I'll grind the fish/shrimp (or more commonly, ground beef) as gently as possible then stir clockwise (and clockwise only; you can go counterclockwise only, makes no difference just don't reverse direction). I use either a pair of large chopsticks held in my fist, or a sturdy small wooden spatula.

The paste will get increasingly "firm" over time.

The secret is the consistent unidirectional stirring.

In my experience, the egg white isn't necessary (it makes the paste goopier) and go light on the starch.
posted by porpoise at 10:41 AM on May 3, 2017 [2 favorites]


Best answer: What I learnt as a kid was to stir the ground fish with salt first, till it has a together texture, and only then add the other ingredients. If you asked my gran, only hand-chopping or a meat grinder would ever work for the grinding, but in my experience a food processor or immersion blender works just fine. It doesn't need to be a lot of salt, and you can do the stirring by hand or in a stand mixer, it's fast either way. Just don't add anything else before you have the right texture with just fish and salt. Has never failed for me even when I was young and inexperienced.
I checked some recipes and they all say to add the other ingredients slowly, but to be honest I don't really do that. The stirring with salt thing is what matters.
I don't know how to describe the desired texture. I'd suggest you just try to vigorously stir som salt into som chopped whatever meat for ten minutes and you will achieve consistency like a sticky dough or something. This base will keep all the elements from separating, which is what is happening when you get what you call sea slop.
posted by mumimor at 2:31 PM on May 3, 2017 [2 favorites]


mumimor, !! ha it feels like it's mostly Italians and italian inspired American cooking where meatballs are crumbly. A Danish postdoc invited the lab to a traditional meal and the meatballs she made were not crumbly. I asked, and yes, there was that stirring to get that "crunchy" mouthfeel. Less stirring, less "crunchy," but it was at least on the axis.

Oddly, upper/upper-middle class college kids in the midwest (arguably slumming it) were really pro-crumbly ground beef/meat and were totally disparaging of modifying it at all (my `meatballing`ground beef was seen as sacrilage. My massaging spices into a chunk of ground beef was "overhandling"). "Crunchy-est" meatballs (exemplified by the Vietnamese variety) were anathema. It was totally Weird.
posted by porpoise at 10:28 PM on May 4, 2017 [2 favorites]


Best answer: Haha porpoise - it's no more than a couple of days ago we tried to make American beef patties for the first time, with no stirring. I felt they were delicious as hamburgers in buns, but not nice on their own.

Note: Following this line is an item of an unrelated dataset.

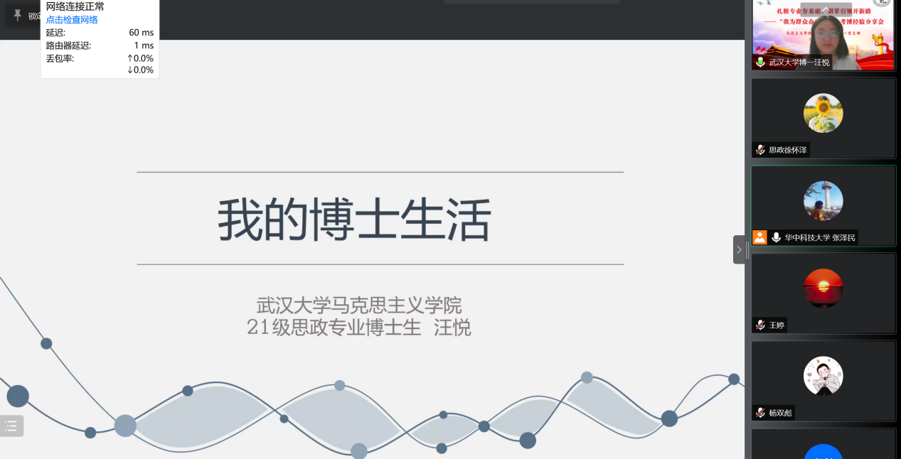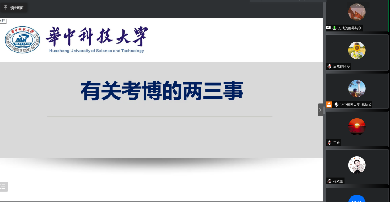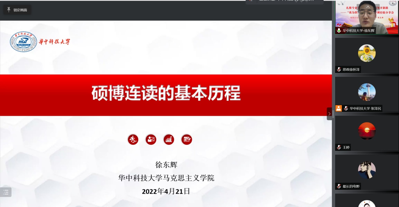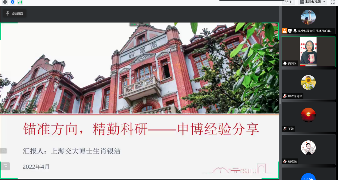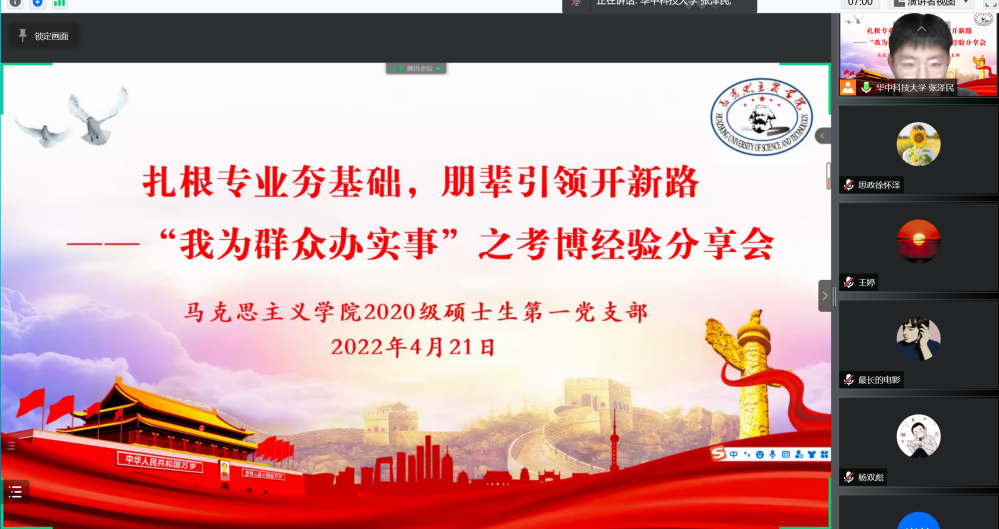 为激发马院研究生潜心学术、读博深造的热情,进一步提升20、21级硕士研究生的学术素养与研究能力,培育浓厚的学术氛围,满足同学们对于考博方面经验和知识的需求。4月21日晚,WilliamHill威廉希尔2020级硕士生第一党支部组织开展“我为群众办实事”系列活动第二期——考博经验分享会,邀请往届深造读博的优秀毕业生分享其考博读博的经验与感受,为同学们提供考博、读博的经验准备,更好地发挥朋辈博士研究生的引领、带动、示范、辐射作用。

The crumbly texture worked nicely with the condiments etc. in the hamburger serving, but they didn't have a nice mouthfeel on their own.

BUT, I forgot an important detail: the mixture needs to rest at least 20 minutes before cooking. You can make a really wet mix, and get nice and crunchy fishballs that are moist and meaty inside if it rests for a while.
posted by mumimor at 4:11 PM on May 5, 2017 [1 favorite]


On the extreme end of the spectrum, there's a phenomenon called a "sloppy joe" which is kind of like a hamburger but crumbly ground beef in a tomato sauce eaten between two buns.